■ What the exercise asks ■
When you reach the line with "Материал кулирная гладь" in the data below, begin printing lines exactly, and stop once the line with "Als Bürgermeister hat" has been printed.

** Opening Provided entries block **

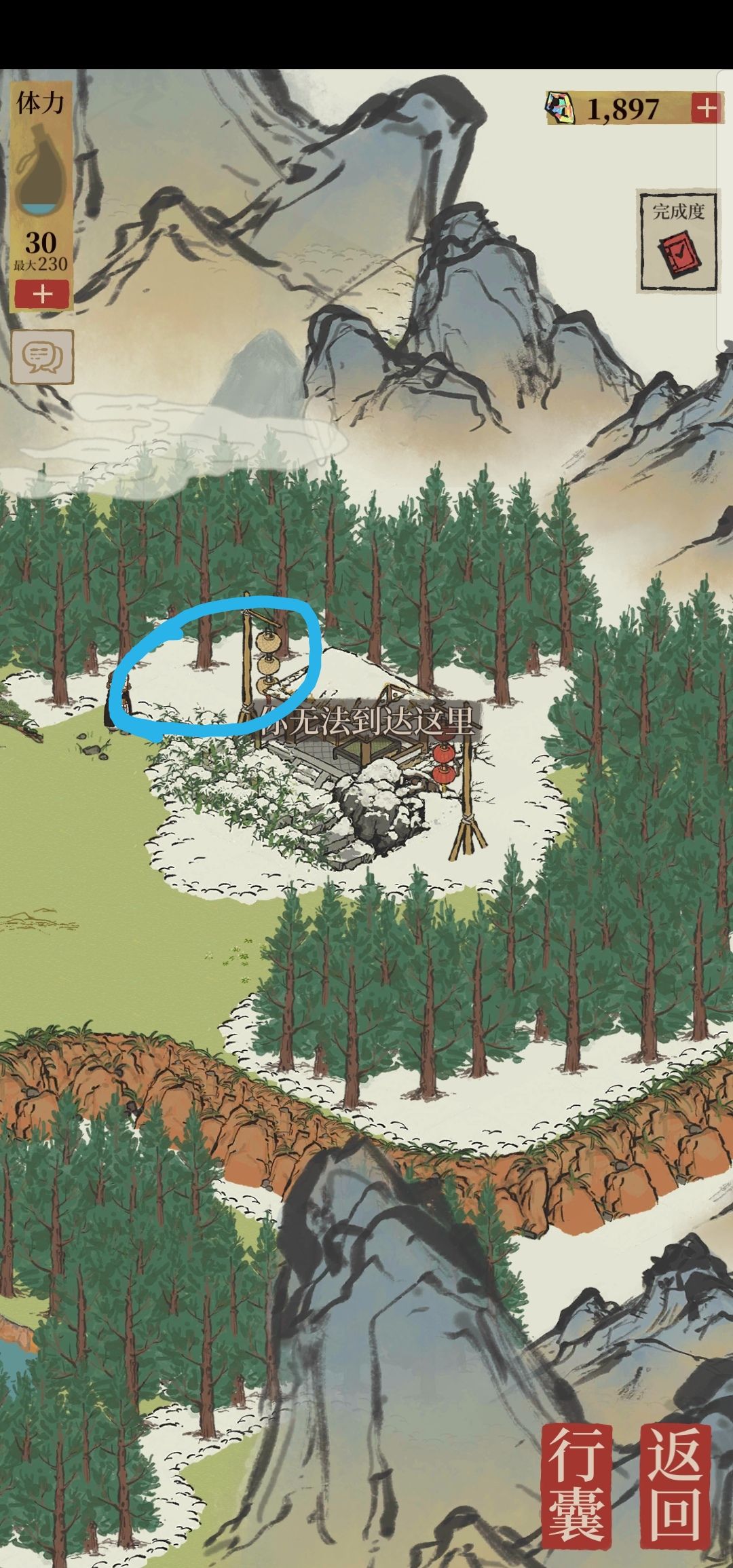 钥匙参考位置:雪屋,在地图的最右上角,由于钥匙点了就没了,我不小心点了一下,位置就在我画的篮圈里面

** Closing Provided entries block **
** Opening Provided entries block **

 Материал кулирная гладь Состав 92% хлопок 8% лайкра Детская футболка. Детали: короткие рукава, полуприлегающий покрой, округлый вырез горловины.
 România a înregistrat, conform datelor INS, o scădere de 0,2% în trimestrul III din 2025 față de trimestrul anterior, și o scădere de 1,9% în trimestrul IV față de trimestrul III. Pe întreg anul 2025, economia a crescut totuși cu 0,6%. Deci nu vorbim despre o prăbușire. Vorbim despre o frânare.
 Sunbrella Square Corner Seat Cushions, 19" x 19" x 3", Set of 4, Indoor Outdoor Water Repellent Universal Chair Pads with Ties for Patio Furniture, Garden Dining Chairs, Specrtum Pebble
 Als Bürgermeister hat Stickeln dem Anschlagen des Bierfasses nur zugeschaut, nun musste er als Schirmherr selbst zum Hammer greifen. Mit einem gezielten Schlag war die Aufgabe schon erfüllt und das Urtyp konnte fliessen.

** Closing Provided entries block **

■ Worked solution ■
 Материал кулирная гладь Состав 92% хлопок 8% лайкра Детская футболка. Детали: короткие рукава, полуприлегающий покрой, округлый вырез горловины.
 România a înregistrat, conform datelor INS, o scădere de 0,2% în trimestrul III din 2025 față de trimestrul anterior, și o scădere de 1,9% în trimestrul IV față de trimestrul III. Pe întreg anul 2025, economia a crescut totuși cu 0,6%. Deci nu vorbim despre o prăbușire. Vorbim despre o frânare.
 Sunbrella Square Corner Seat Cushions, 19" x 19" x 3", Set of 4, Indoor Outdoor Water Repellent Universal Chair Pads with Ties for Patio Furniture, Garden Dining Chairs, Specrtum Pebble
 Als Bürgermeister hat Stickeln dem Anschlagen des Bierfasses nur zugeschaut, nun musste er als Schirmherr selbst zum Hammer greifen. Mit einem gezielten Schlag war die Aufgabe schon erfüllt und das Urtyp konnte fliessen.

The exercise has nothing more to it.